A student in Lutz, Florida, graduated from Steinbrenner High School with an 11.99 weighted GPA — surpassing the previous Florida state record of 11.84. Vaibhav Bhaskar earned it by completing 20 Advanced Placement classes and 24 dual-enrollment college courses through the University of Florida’s online program, enough to earn an associate’s degree alongside his diploma. He will attend Duke University in the fall.
And the Hillsborough County school board, having watched that number climb, voted to cap the weighted GPA system so that no student in the district can do it again.
The board’s own explanation, recorded in its policy language, names both the mechanism and the harm. College admissions officers, the district said, were forced to “recalculate” these “unusually high” GPAs to bring them back in line with the rest of the state. Then this: “the current weighting often encourages students to enroll in excessive online courses to achieve an inflated GPA, resulting in stressful and unhealthy learning habits and mental health concerns.”
That is the board that built the system confessing, in its own language, that the system was producing harm. The weighted GPA system assigned additional grade points for each advanced course completed. The incentive was volume: take more AP classes, accumulate more weight, produce a higher number. A student who took five AP classes and excelled in every one was outperformed on the weighted GPA by a student who took twenty — regardless of depth, by the system’s own design. The board’s architecture rewarded exactly the pattern it later described as unhealthy. The 11.99 was not a student gaming the system. The 11.99 was the system working as designed.
The board’s response — capping the weighted GPA at a fixed ceiling — addresses the output.

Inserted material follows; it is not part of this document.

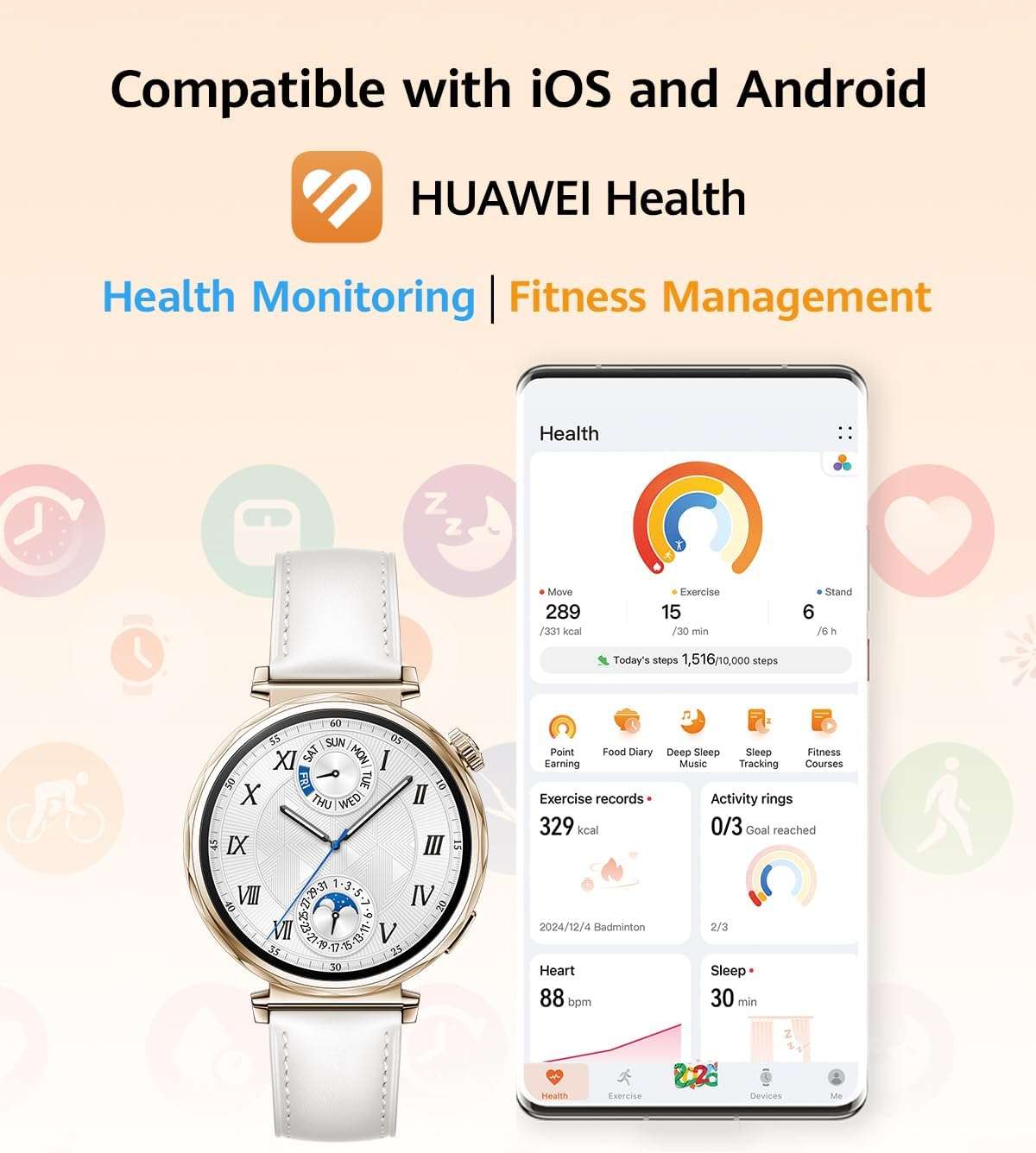 • Модель: HUAWEI WATCH GT5 41mm Smartwatch, upto7 Days Battery Life,Sharp-Edged Design Watch, Health Tracking, iOS & Android Compatible, White

It does not address the incentive. A student next year can still enroll in 20 AP classes and 24 dual-enrollment courses. The volume incentive remains. The weighted GPA still assigns extra points for each advanced course. The cap prevents the number from climbing past a threshold; it does not prevent the schedule that produced it. The board closed the scoreboard. It left the game running.
The biblical tradition has a name for this kind of failure: a system without a built-in boundary that runs until it consumes the people inside it. The Sabbath commandment — “Remember the Sabbath day, to keep it holy. Six days you shall labor and do all your work, but the seventh day is a Sabbath to the Lord your God” (Exodus 20:8-10) — does not say rest when the work is finished. It says rest because the boundary is not negotiable. The commandment builds the limit into the structure from the beginning. The Hillsborough County board imposed a limit after the damage. The difference is the difference between a system designed to protect its people and a system that has to be pulled back from harming them.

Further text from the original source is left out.